Мои губы чуть дрогнули, глаза расширились от столь прямой угрозы, и я с трудом удержалась, чтобы не отшатнуться. Он не прикасался — и не нужно было. Всё вокруг словно сжалось, потеряло равновесие. Казалось, пол под ногами вот-вот треснет, обнажив пропасть.
— Тогда дайте указания, чего именно хотите от меня, ваша светлость, — произнесла я тихо, но твёрдо, не пряча укола в голосе. — Я буду усердно играть роль вашей невесты, но не надейтесь, что забуду, кто начал эту постановку.
Он почти незаметно усмехнулся. Едва дрогнули уголки губ — и этого хватило, чтобы я поняла: он доволен. Нет, не просто доволен — он празднует победу. Внутренне, без фанфар, но с тем ледяным торжеством, которое бывает у людей, просчитавших чужой проигрыш заранее.
Он знал, что мне некуда отступать. Знал, что выбить у него покровительство — значит отрезать себе путь к прежней свободе. Вэлмир Делавьер, хищник в мундире, прижал меня к стене условий, откуда не было выхода — и сделал это не силой, а хладнокровием и логикой, которые неоспоримы. Я — его невеста. Его мнимый выбор и, похоже, необходимое прикрытие.
— Вот и договорились, — сказал он с тем самым выражением лица, которое у других вызывало восторг, а у меня — желание исчезнуть.

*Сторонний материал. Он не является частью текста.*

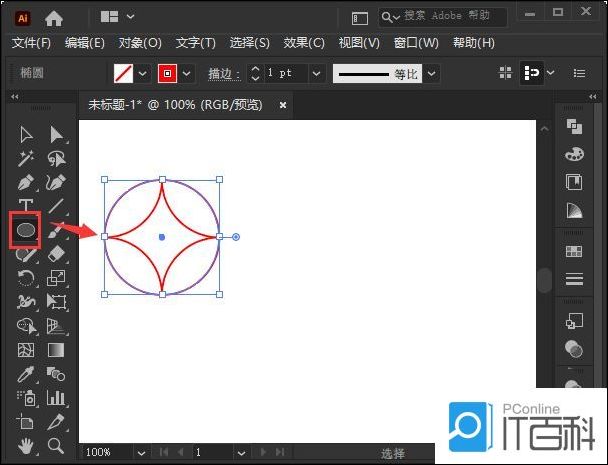 接下来,我们用【 椭圆工具 】在尖尖的形状外面画出一个圆形。

Его фирменная улыбка скользнула по губам, и в следующую секунду рука коснулась моей талии. Я не успела отшатнуться. Он притянул меня к себе — быстро, без борьбы, будто это было самым естественным в мире жестом. Я оказалась прижатой к его груди, и холодный шок пронёсся по телу, хотя ткань между нами была тёплой и дорогой. Сердце забилось ещё сильнее.

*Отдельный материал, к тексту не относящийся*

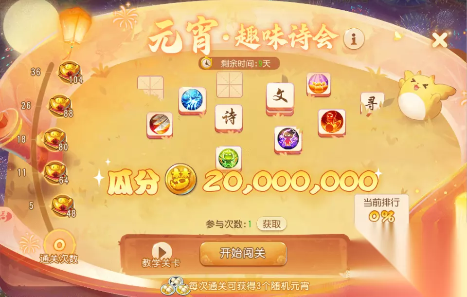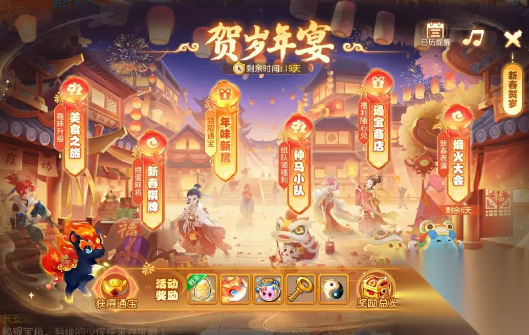 ※ 特别说明:春节活动新增日历提醒功能,少侠可选择开启日历提醒,不再错过春节重要活动。 1. 年兽王挑战: 年兽王再度来袭,每日成功挑战年兽王可获得大量福马通宝。击败★/★★泡泡可提升星级 ,击败★★★泡泡会溅射四周,触发连锁反应并获得增益。通过日常活动获得福马爆竹,可直接提升泡泡星级或引爆泡泡 。巧妙形成连锁爆炸,击退年兽王吧! 2. 元宵趣味诗会: 今年元夜时,月与灯依旧。2月25日12:00(部分服务器2月25日10:00)起,长安将举办一场趣味诗会,通过趣味三消,消除上层的牌堆,找到隐藏在牌堆中的诗文牌。找齐诗文字牌后拖动字序还原诗句,成功通关就能参与瓜分海量金币和银币奖励,累计通关还可以获得福马通宝。

— Не откажетесь приступить к своим обязанностям прямо сейчас, моя дорога невеста? — негромко спросил он, склонившись ближе к моему лицу. В его голосе звучала вежливая насмешка, обёрнутая в шелк и яд. — Ваши родители уже здесь. Думаю, им не стоит знать подробности… наших настоящих отношений.
Его слова ударили сильнее, чем я ожидала, смешав в груди тревогу, злость и растерянность. Я была уверена, что впереди ещё останется немного времени, чтобы собраться с мыслями, выстроить оборону и продумать каждый шаг. Но он уже собирался выставить нас перед моей семьёй как нечто очевидное и давно утверждённое — факт, от которого невозможно откреститься ни правдами, ни неправдами. Он не дал мне передышки, не позволил хотя бы внешне подготовиться, чтобы история выглядела цельно, без трещин. Вместо этого просто взял и окунул с головой в новую партию, правила которой знал только он.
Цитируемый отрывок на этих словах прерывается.